Русское молчание: изба и камень - страница 29
В 1905 году в Петербурге издается четвертая книга Шестова – сборник афоризмов «Апофеоз беспочвенности. Опыт адогматического мышления», ставшая своего рода манифестом раннего периода его творчества. 70 лет спустя французский исследователь русской мысли Жан-Клод Маркаде назовет эту книгу пророческой для развития философии XX столетия.[80]
В самом деле, утрата универсальной традиции, исчезновение корней, ощущение потерянности, бездомности, беспочвенности становятся общим и для культуры, и для философии прошлого столетия: Лев Шестов осознает и выражает это одним из первых. Трагический скептицизм мыслителя, подвергающего «деконструкции» устои и ценности современной цивилизации, является главной доминантой книги: «Нужно усомниться не затем, чтобы потом снова вернуться к твердым убеждениям… Нужно, чтобы сомнение стало постоянной творческой силой, пропитало бы самое существо нашей жизни».[81]Вслед за Ницше Шестов «философствует молотом» – его метафизическое иконоборчество не знает пределов. Апофатическое ничто – конечная и одновременно исходная точка мыслителя. Ничто – как конец, завершение и одновременно абсолютная возможность…
С одной стороны, «Апофеоз беспочвенности» вызвал почти скандальный резонанс – появилось множество откликов, включая тексты Василия Розанова и Алексея Ремизова, с другой – Шестову казалось, что его книгу неправильно воспринимают и ее проблематику неверно истолковывают (кстати, и впоследствии такое впечатление будет возникать у него от большинства рецензий на его сочинения).

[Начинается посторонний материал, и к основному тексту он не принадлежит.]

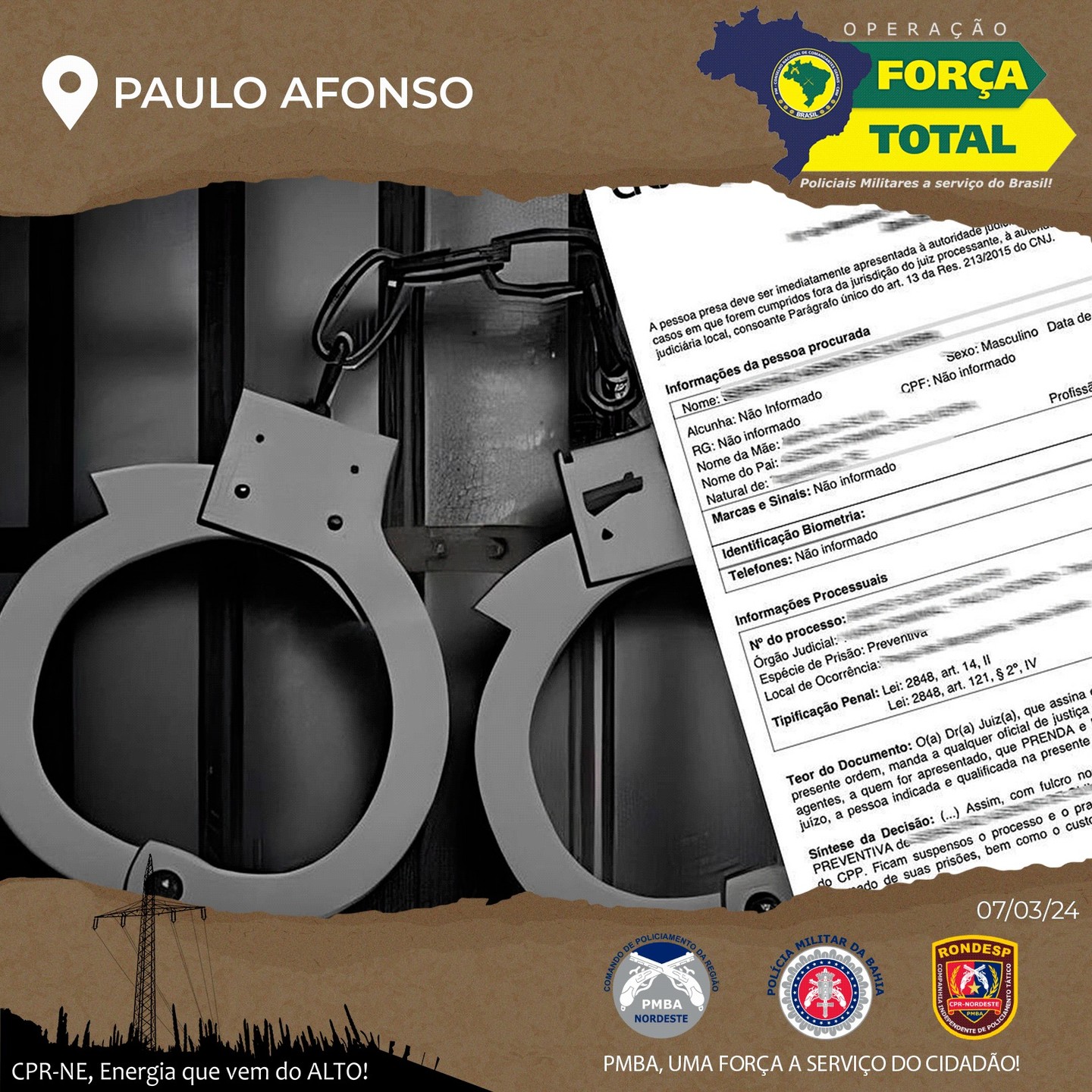 Por volta das 16h15, durante a operação “FORÇA TOTAL”, a equipe da RONDESP NORDESTE, dirigiu-se à Travessa do Ouvidor, no bairro Alves de Souza, em Paulo Afonso, onde as informações indicavam a presença de um indivíduo com um possível mandado de prisão em aberto. Com a diligência, os policiais realizaram a abordagem e, após consulta ao banco nacional de mandados, confirmaram a existência do mandado de prisão em aberto. O indivíduo foi conduzido à delegacia para as devidas providências legais.
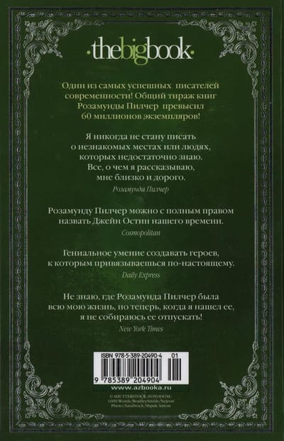 Книги Розамунды Пилчер (1924–2019) знают и любят во всем мире. Ее романы незамысловаты и неторопливы, зато в них много подлинного тепла и сердечности. Кредо писательницы можно охарактеризовать фразой: «У хороших людей всегда все будет хорошо», — и в данном случае это залог устойчивого читательского успеха.
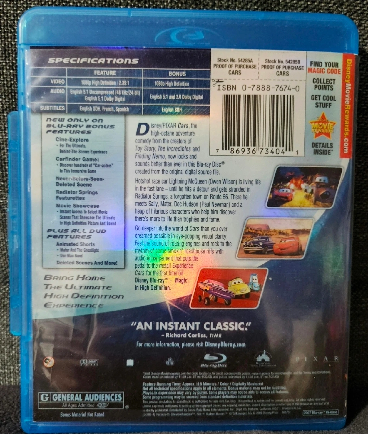 For sale is a Disney Pixar Cars Blu-ray Disc. This movie is perfect for children and families who enjoy animated films. It comes in a Blu-ray case and is compatible with Blu-ray players in any region. The movie was released in 2007 and features the voices of talented actors and actresses. The video format is Blu-ray and has a G rating, making it appropriate for all ages.
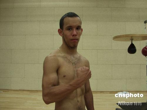 8月5日,美國拳擊隊在北京師范大學訓練營進行奧運會前的公開訓練。圖為奪金熱門拳手美國的路易斯·揚耐茲正展示自己的肌肉。他也是中國選手鄒市明奪金道路上最大的攔路虎。中新社發(fā) 賴松 攝
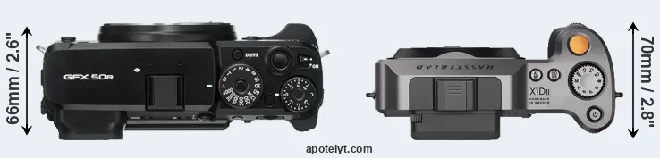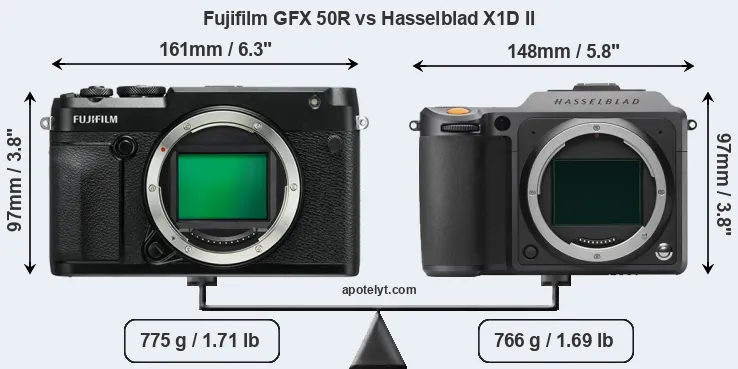 The physical size and weight of the Fujifilm GFX 50R and the Hasselblad X1D II are illustrated in the side-by-side display below. The two cameras are presented according to their relative size. Three successive views from the front, the top, and the rear are shown. All width, height and depth measures are rounded to the nearest millimeter.
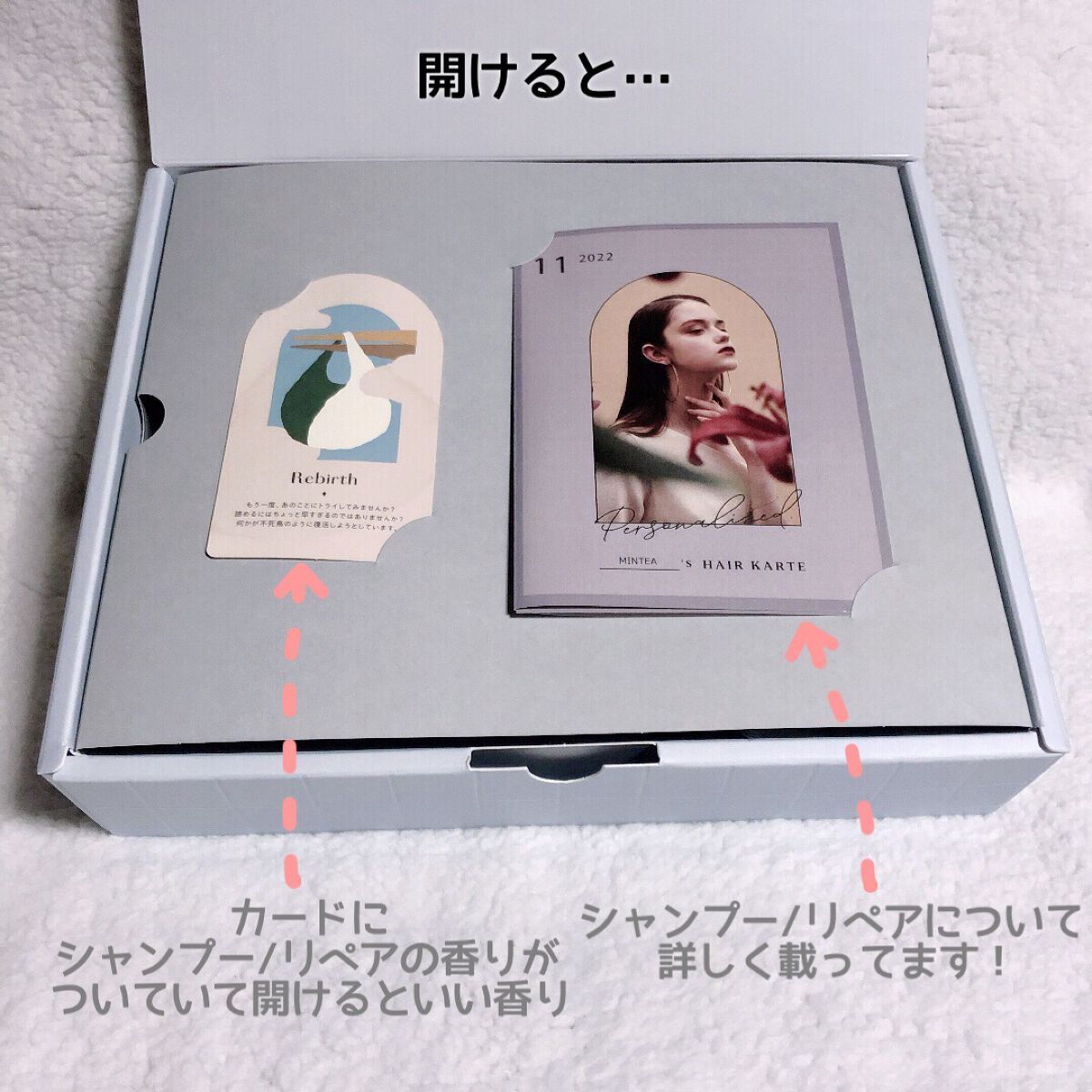 私は季節限定の香りにしました🥰 私は、ツヤと潤いとサラサラな髪の毛になりたいとわがままを言って選んでもらいました✨ 診断も手軽に出来て自分の髪の毛のダメージや頭皮の状態も選べるのでぴったりのシャンプーとリペアが届きました☺️ ドライヤー後の髪の毛はツヤツヤしてるのにサラサラの指通りでダメージケアまでしてくれて本当になりたい髪の毛に仕上がったので大満足です♡ シャンプーのボトルには名前も入っていて自分だけの特別感もあります✨ 届いた箱も可愛らしくて開けてる間からウキウキでした⑅︎◡̈︎*
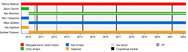 - Тейлор Момсен — ведущий вокал, ритм-гитара (2009-настоящее)
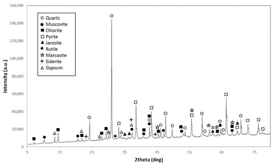 The respective mineral compositions of the three mine waste samples (Table 2) were determined by quantitative X-ray diffraction (QXRD) (PANalytical Empyrean, 35 kV and 35 mA, 5–80° scan range, Co anode material, PIXcel3D-Medipix3 1 × 1 Area detector, Malvern Panalytical Ltd., Malvern, United Kingdom). In preparation for the QXRD analysis, the samples were wet-milled in 10 mL ethanol using zirconium oxide grinding elements in a McCrone XRD-Mill (Retsch GmbH, Haan, Germany). After grinding, the samples were air-dried overnight in petri dishes. The dried samples were homogenized with steel balls (4 mm diameter) using a Retsch mixer mill MM 400. The samples were transferred into sample holders (24 mm diameter) using the backloading method and then measured. Mineral phase identification was carried out using Profex 4.1.0 software with Rietveld refinement by Döbelin and Kleeberg [48].
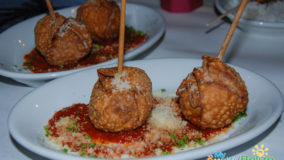 Each new addition to the canvas before us required a quick stop to let the paint dry, and each time, waitresses would come by plying us with delicious treats that Judyann and Hortense sent from the kitchen. Clouds, then stars, the moon and its reflection, and finally, some palm leaves/trees took shape under our brushstrokes, while appetizer after appetizer kept coming as well. From warm, comforting Seafood bisque with shrimp bites, to fresh Snapper Samplers, sweet Teriyaki Chicken and totally fun (and delicious) Lasagna meatball samplers with marinara sauce, our taste buds were very happy!
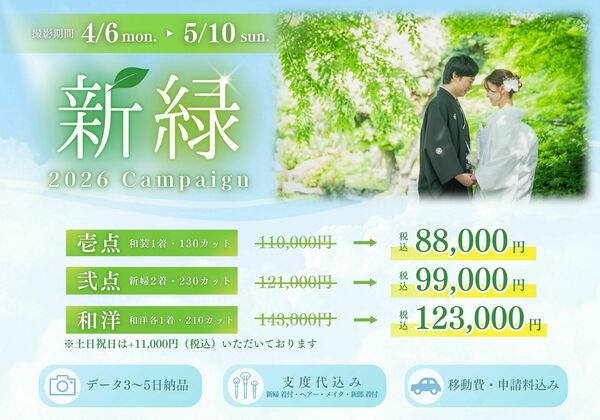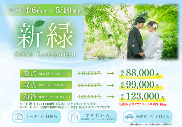 【4/6~5/10撮影限定】新緑キャンペーン 『新緑キャンペーン』-----------------------------------------------横浜店撮影期間:4/6~5/10迄⓵ウェルカムボードA3プレゼント♪②土日祝料金無料♪どの衣裳選んでも衣...
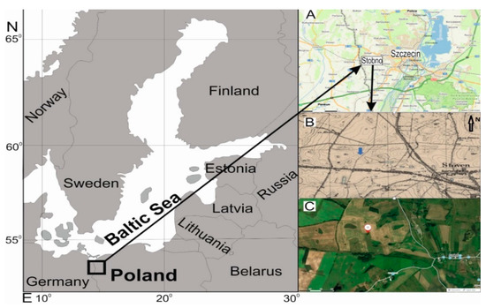 Location of the study area: (A,C)—source of the photo: https://en.mapy.cz, (B)—Meßtischblatt 2552, Kreckow, 1921, scale 1:25,000.
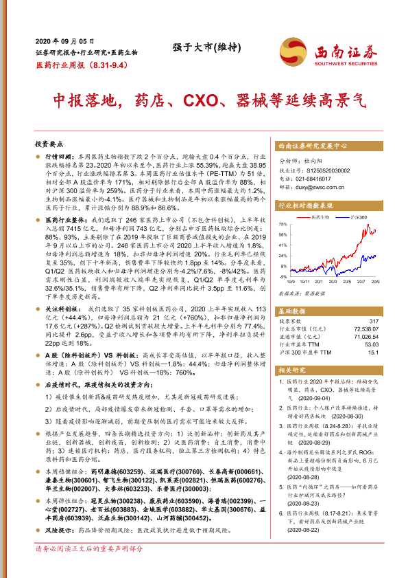 【西南证券】【20200905】医药行业周报:中报落地,药店、CXO、器械等延续高景气-22页
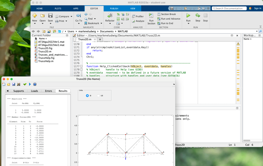 To prepare us for the camp, our professors requested that we complete the MATLAB Onramp course. This included the MATLAB programming environment, language, and data manipulations. This was very valuable as it allowed us to jump right into using MATLAB for various topics and engineering tasks throughout the course. The picture above shows an example were we used MATLAB to simulate the effect of forces on joints and trusses.
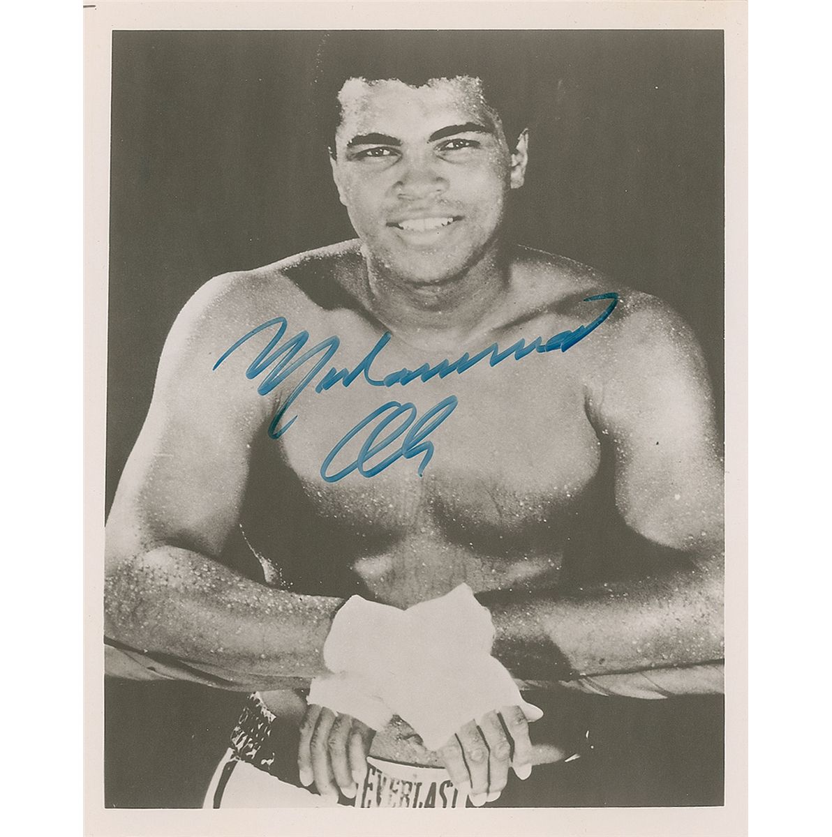 Choice glossy 8 x 10 photo of Ali posing at the side of the ring, prominently signed in black felt tip during the early 1980s. In fine condition.

В этот момент в марте 1905 года в журнале «Вопросы жизни» появляется пространная статья Бердяева «Трагедия и обыденность», рассматривающая «Апофеоз беспочвенности» в связи с предшествующими работами Шестова. Этот текст один из лучших среди написанных о Шестове до его эмиграции из России в 1920 году. Бердяев, несомненно, высоко оценивает новую работу Шестова, но при этом оговаривается, что лучшей его книгой он считает предшествующую – «Достоевский и Ницше. Философия трагедии». «Апофеоз беспочвенности» кажется ему опасным в том смысле, что, провозглашая адогматическое мышление в качестве абсолюта, книга становится догматической… «Потерявшая всякую надежду беспочвенность превращается в своеобразную систему успокоения, ведь абсолютный скептицизм также может убить тревожные искания, как и абсолютный догматизм… Трагическая беспочвенность не может иметь другого “апофеоза”, кроме религиозного и тогда уже положительного».[82]Именно в этом первом тексте Бердяева о Шестове (всего он напишет четыре больших статьи о своем друге, не считая мелких рецензий) проступает вся сложность отношений мыслителей друг к другу. Как и для Шестова, основная метафизическая интуиция Бердяева – острое ощущение царящего в мире зла, которое не может быть оправдано никакими философскими системами, никакой теодицеей. Он такой же страстный спорщик, полемист, неоднократно говоривший, что для выражения собственных идей ему надо от чего-то оттолкнуться, вступить в полемику, – он должен мысленно представить себе оппонента и спроецировать его вовне. Бердяев с изначальным антиномизмом своей мысли и романтической бунтарской установкой оставался человеком, не приемлющим догматизм любого рода, все принудительное, навязанное извне – общественным мнением, коллективом или даже церковью. Как и Шестов, Бердяев в определенном смысле был метафизическим анархистом, религиозным индивидуалистом, космополитом, для которого «беспочвенность» являлась фундаментом творчества. Но при этом талант аналитика сочетался у него с синтетическим даром, огненная страстность – с духовной трезвостью, анархическая устремленность – с соборностью, рыцарский максимализм – с широтой и веротерпимостью, одиночество – с социальностью, апофатическое философствование – с катафатическим. Сложный, запутанный творческий путь молодого Бердяева (он был либеральным марксистом, кантианцем, испытал сильное влияние Ницше и т. д.) завершился принятием им христианства – и христианским мыслителем он оставался всю свою жизнь.